# Nonstop flights to Kona?



## DaveNV (Nov 12, 2008)

Is there someplace I can find out which airlines fly direct into Kona, Hawaii from the Bay Area?  

My niece and her fiance are getting married next summer in San Francisco.  I'm giving them a week's stay at my Kona timeshare resort as a wedding gift.  We're trying to figure out the most direct way to get them there.  (Favorite Uncle status has its price.  LOL!)

Does anyone know?

Thanks,
Dave


----------



## Toughbeat (Nov 12, 2008)

I searched kayak.com and it only showed United Airlines flying nonstop from San Francisco (SFO) - Kailua-Kona (KOA).  Hope this helps.


----------



## DaveNV (Nov 12, 2008)

Thanks!  I need to spend some quality time at kayak.com.  

Dave


----------



## MULTIZ321 (Nov 12, 2008)

Dave,

Go to www.smartertravel.com

Click on the "Travel Tools" hyperlink in the orange toolbar near the top of the page. Now click on the "Find a Flight Schedule" hyperlink.

Enter your "From/To" and Date info - you will be given a list of all scheduled flights from Point A to Point B starting with the nonstops.

It's a great site.   

Richard


----------



## Liz Wolf-Spada (Nov 12, 2008)

I have had problems flying AA and would not use them again unless I had preassigned seats when booking the flight. Even though Hawaiian Air may have a layover in Honolulu, I think they are a much nicer airline to fly to Hawaii. They show continuing video and picture focused on Hawaii when they aren't showing the movie. They also actually feed you a meal.
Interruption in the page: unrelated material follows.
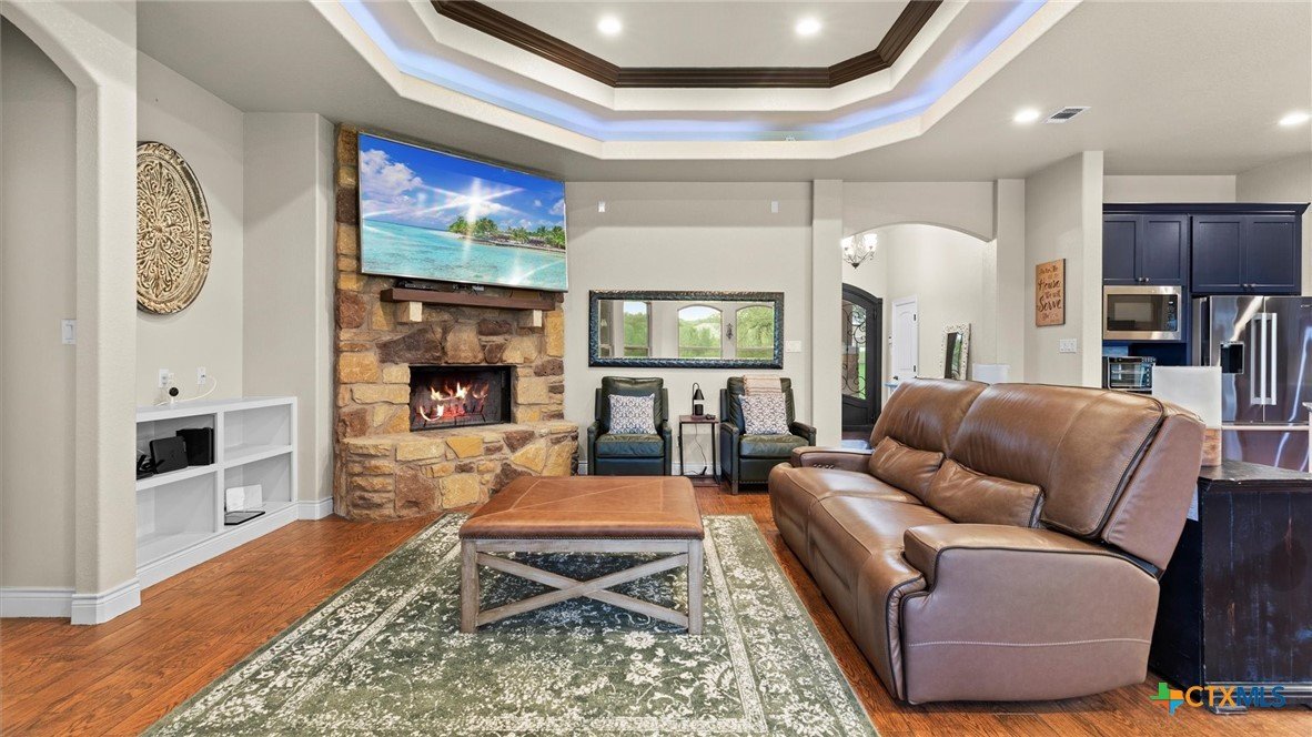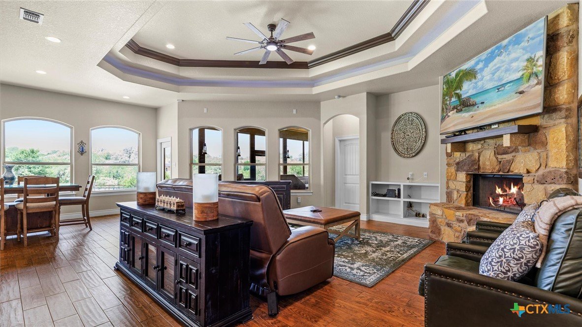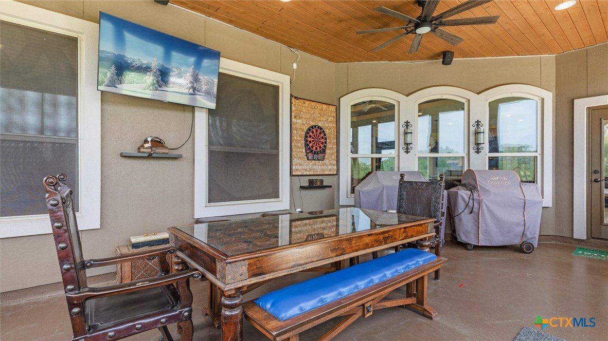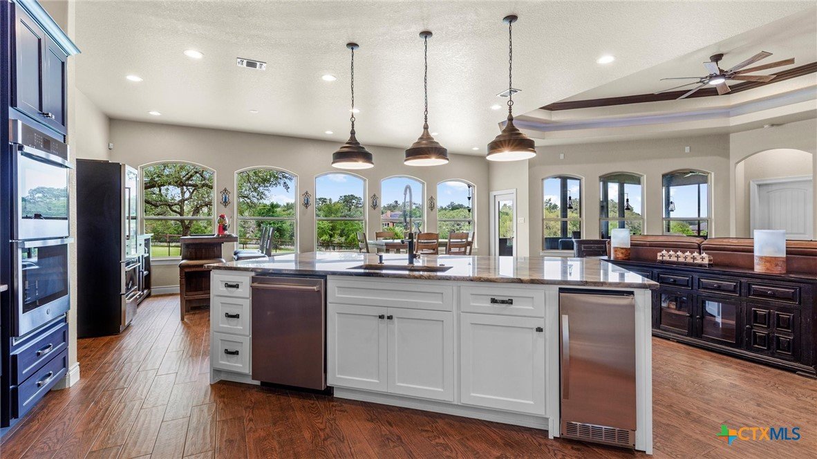 OPEN HOUSE SATURDAY, MAY 3RD 1-3 PM Welcome to 1909 Hunters Cove, a private Hill Country retreat on 1.18 acres in the highly sought-after River Chase community in New Braunfels, Texas. Surrounded by mature trees and scenic views, this beautifully updated 3-bedroom, 2-bath home offers 2,302 square feet of thoughtfully designed living space ideal for both everyday comfort and entertaining. The chef’s kitchen is the heart of the home, featuring a large quartzite island, high-end appliances, gas cooktop, built-in icemaker, and abundant prep and storage space. The open-concept living area showcases high ceilings, expansive windows, and a cozy fireplace, creating a bright and inviting atmosphere. Fresh interior paint and new carpet make this home move-in ready. The spacious primary suite offers a peaceful retreat with a walk-in shower and serene property views. Washer and dryer are included, adding convenience and value for the next owner. Outdoor living truly shines with a screened-in porch, pool, extended driveway for additional parking, and a concrete pad ready for a future pergola. The fully fenced backyard includes a 30x30 workshop with electricity, ideal for storage, hobbies, or boat/RV use. Located in River Chase, residents enjoy private Guadalupe River access, a 58-acre river park, walking trails, clubhouse, pool, and tennis courts—offering a true Hill Country lifestyle just minutes from New Braunfels and Canyon Lake.
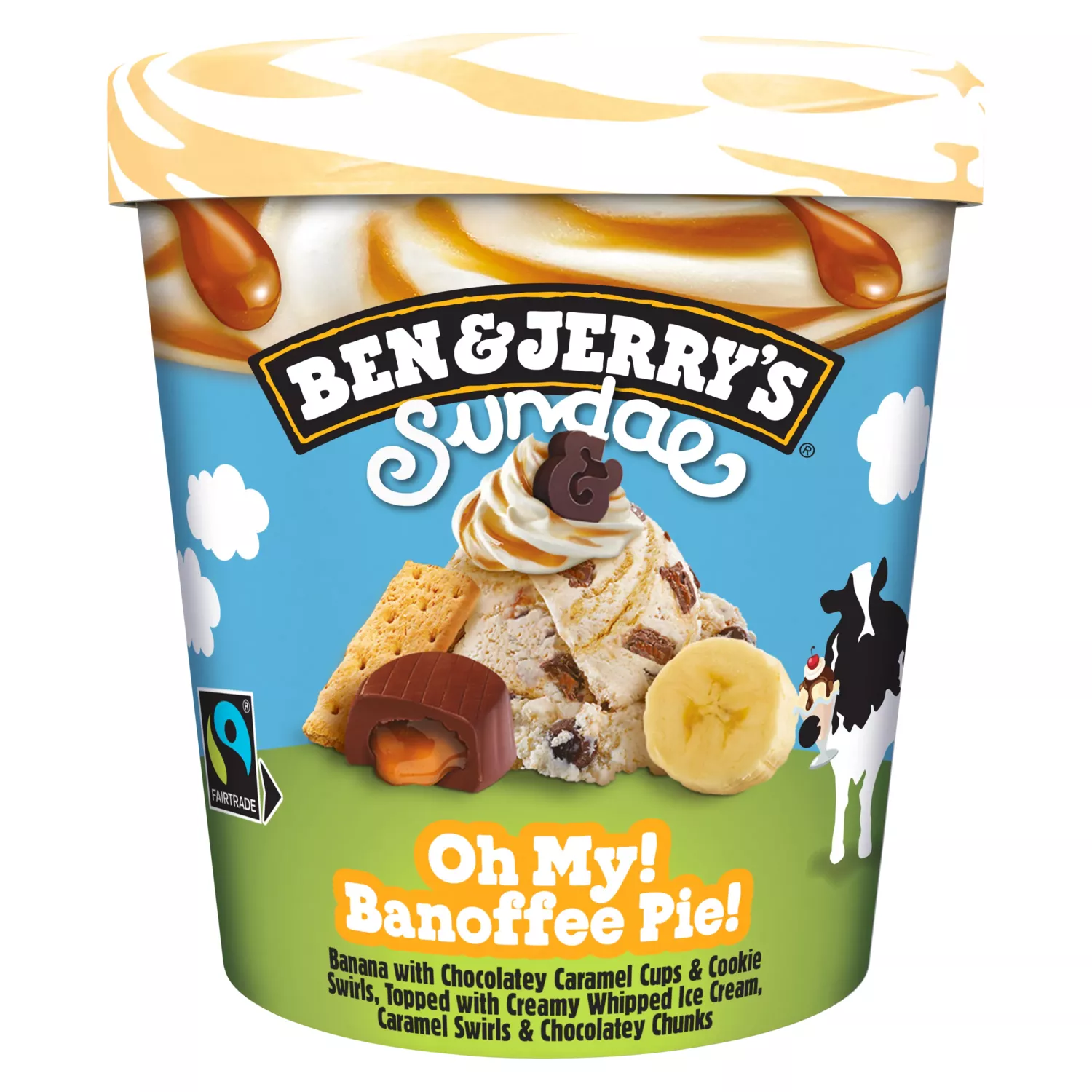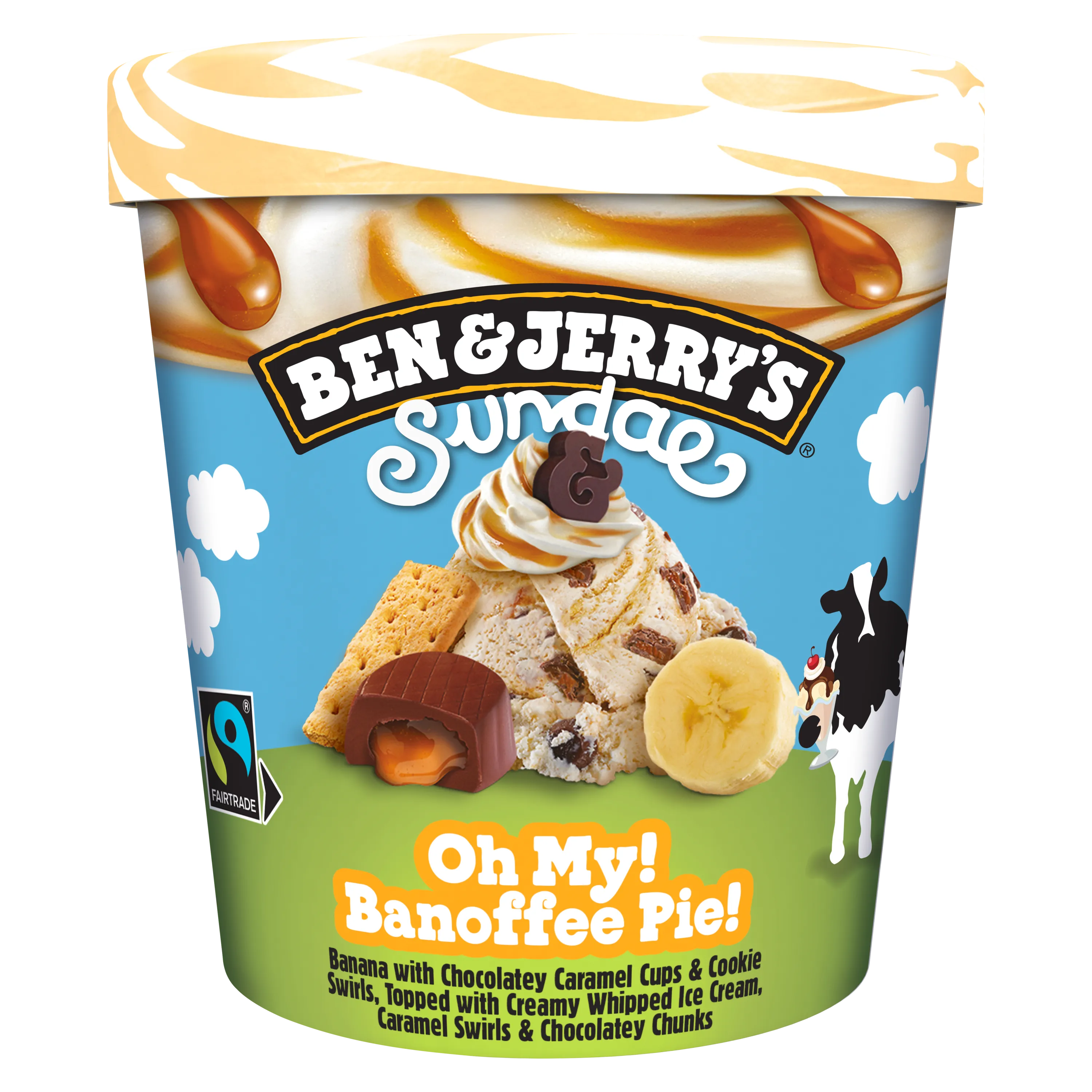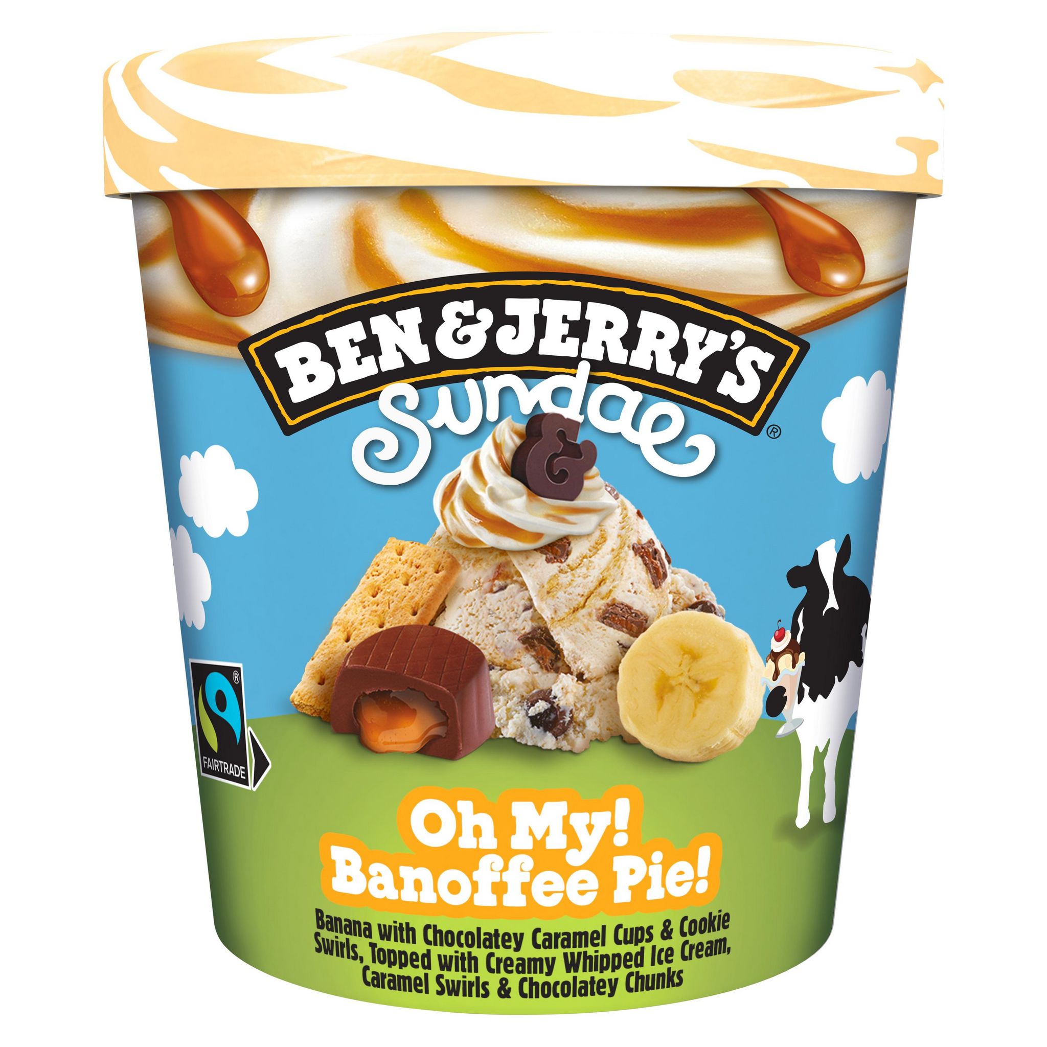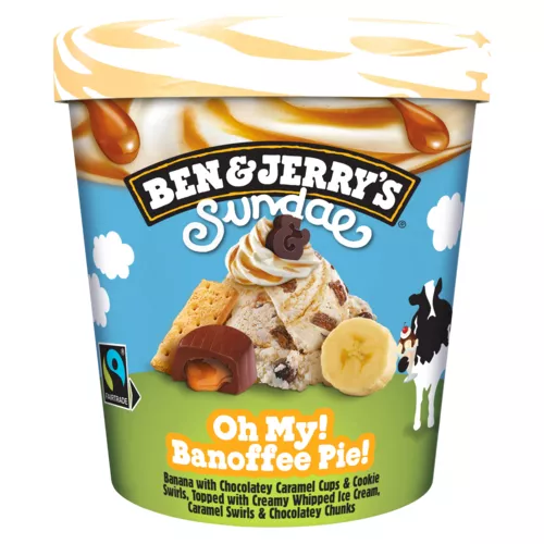 Ben & Jerry's présente la crème de la crème glacée : les Ben & Jerry's Sundaes. Découvre la glace en pot Sundae Oh My ! Banoffee Pie !, la nouvelle crème glacée à la banane de tes rêves. Une nouvelle crème glacée avec une double texture : sur le dessus, une onctueuse crème glacée fouettée et en dessous, une généreuse crème glacée avec de la banane, des caramels fondants enrobés de cacao et des tourbillons de coulis caramel. Une expérience dough-blement gourmande certifiée Commerce Équitable qui convient aux végétariens. De plus, son emballage est d'origine végétale et donc 100 % recyclable. Alors, prêt pour le nirvana de la gourmandise ? Ben & Jerry's met aujourd'hui son enthousiasme au service de saveurs inédites, créées de manière équitable et durable. Notre Philosophie Produit nous inspire pour fabriquer une crème glacée tout simplement fantastique. Tous nos produits qui contiennent des œufs et des produits laitiers proviennent de poules et de vaches élevées en plein air dans des fermes respectant les recommandations du Caring Dairy™ (production laitière équitable). Notre Philosophie Économique, c'est préférer une croissance durable afin de créer des conditions d'épanouissement pour nos employés. Enfin, Notre Philosophie Sociale est de contribuer à la prospérité mutuelle dans nos relations professionnelles. Peace, Love & Ice Cream.

With Hawaiian, you feel like you're actually going to Hawaii from the time you get on the plane.
Liz


----------



## RDB (Nov 12, 2008)

It may be worthwhile to overnight and enjoy Portland for the dif in airfare.
This is close to being non-stop and fairly fast.  Fare varies depending on date and hour of flight.   Example seen at 
https://apps.hawaiianair.com/reservations/1/GetAvail.aspx

Departing June 11, 2009
Portland, OR to Big Island - Kona
PDX to OGG, Flight HA 39
10:15 AM - 12:55 PM 
OGG to KOA, Flight HA 160

02:39 PM - 03:10 PM *$363 *



Returning June 20, 2009
Big Island - Kona to Portland, OR
KOA to OGG, Flight HA 129
11:07 AM - 11:36 AM 
OGG to PDX, Flight HA 40

03:05 PM - 11:15 PM *$388 *

Estimated Price Per R/T Ticket  $751


----------



## x3 skier (Nov 13, 2008)

You might also check for flights to Hilo, also on the Big Island. Between the two, you should find what you need. 

Cheers


----------



## Darlene (Nov 13, 2008)

I hate AA planes.  They are so old.  We had a scary experience with them where the pilot could not tell if the landing gear was locked or not.  The light would not come on.  So, we could see many firetrucks and emergency vehicles waiting to greet us.  Luckily the landing gear was locked, but the doors would not retract and were scrapping and sparking on the runway.  We had to keep stopping on the runway for them to be put up, and they would fall again.  Took forever just to make it to the gate.   I never want to go through that again.


----------



## lynne (Nov 13, 2008)

x3 skier said:


> You might also check for flights to Hilo, also on the Big Island. Between the two, you should find what you need.
> 
> Cheers



The only airline that flew direct from the Bay Area to Hilo (ITO) was ATA.  Since they went bankrupt, there are no airlines that have non-stop service. 

We have either been flying AA from Kona to LAX or taking an inter-island to HNL where we have more choices of routes to the mainland.  Air travel to/from Hawaii has become very frustrating.


----------



## Luanne (Nov 13, 2008)

We fly United SFO to KOA.  Have for years.


----------



## skim118 (Nov 14, 2008)

Next summer, United has from SFO 4 nonstops to Honolulu, 3 nonstops to Maui & 2 nonstops to Kona & Lihue each daily.

Since American has practically abandoned SFO to Hawaii market, we have switched over to United,


----------



## DaveNV (Nov 14, 2008)

Thanks, everyone!  This is really good info to know about.

Dave


----------